Grand Canyon Adventure: River at Risk is a 2008 American documentary film directed by Greg MacGillivray and narrated by Robert Redford. It was released to IMAX 3D Theaters in 2008.

Anthropologist Wade Davis and river advocate Robert F. Kennedy Jr journey down the Colorado River on a two-week expedition to highlight water conservation issues. Traveling by rafts, kayaks and wooden dories, they are accompanied by their daughters and guided by Shana Watahomigie, a Native American National Park ranger. The film explores America's drought and freshwater shortages, the impact on the river of damming, and human water supply needs, such as that of the city of Las Vegas.

Shot in four weeks almost entirely on the Colorado River, the challenging production, which features the first 3D IMAX images of the Grand Canyon, took the 350-pound 3D IMAX camera through its paces and involved the cooperation of three Indian nations, the National Park Service, film sponsor Teva’s team of kayakers and more than a dozen experienced river guides.
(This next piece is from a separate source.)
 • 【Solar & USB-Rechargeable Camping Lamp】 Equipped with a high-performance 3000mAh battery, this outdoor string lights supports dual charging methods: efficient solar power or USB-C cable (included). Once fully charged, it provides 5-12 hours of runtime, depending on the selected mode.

The production represents the largest filmmaking expedition in the canyon's recent history and the last major film production of its magnitude to be shot in the canyon due to new protective restrictions on the number of crew members and equipment allowed.
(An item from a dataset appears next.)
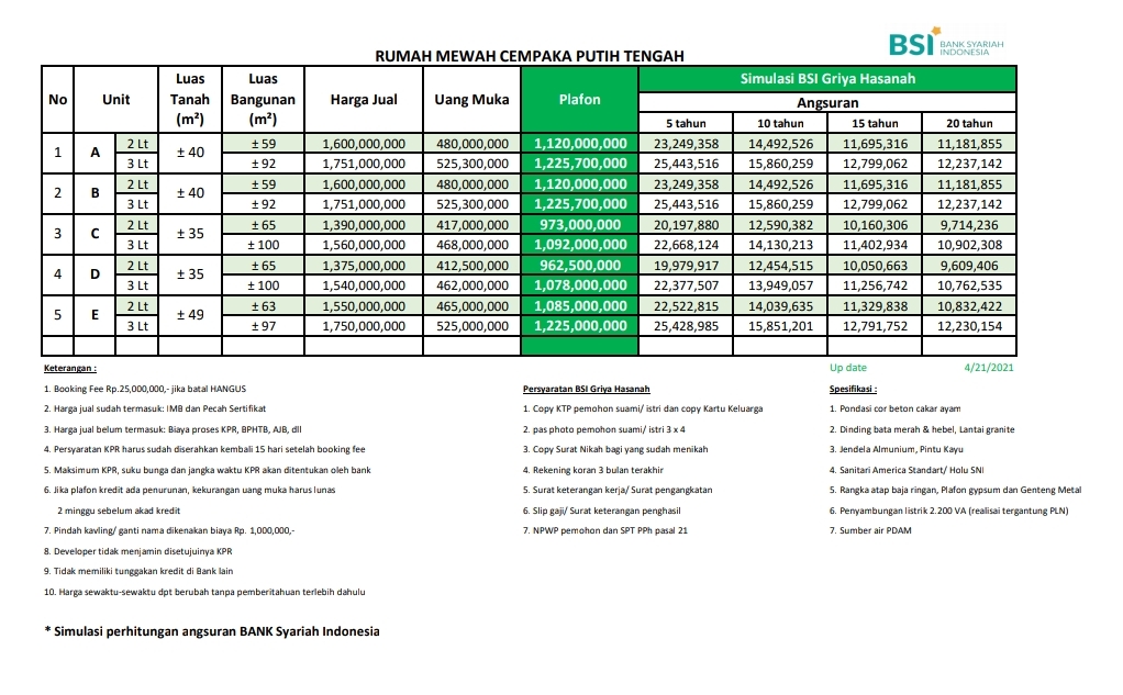 Dinding bata merah & hebel, lantai Granit

The film is directed by IMAX director and cinematographer Greg MacGillivray, who previously explored similar conservation themes in his Academy Award-nominated films The Living Sea and Dolphins, also filmed for IMAX Theaters.

The film won Best Cinematography of the Year and a Special Achievement in Filmmaking Award for the opening 3D title sequence from the Giant Screen Cinema Association.  It also won a Golden Reel Award for Best Sound Editing by the Motion Picture Sound Editors USA and was nominated for a VES Award for Outstanding Visual Effects by the Visual Effects Society.

Soundtrack
Music is contributed by Dave Matthews Band and guest musicians including banjoist Tim Weed. Dave Matthews bass guitarist Stefan Lessard also co-wrote the original score, with composer Steve Wood.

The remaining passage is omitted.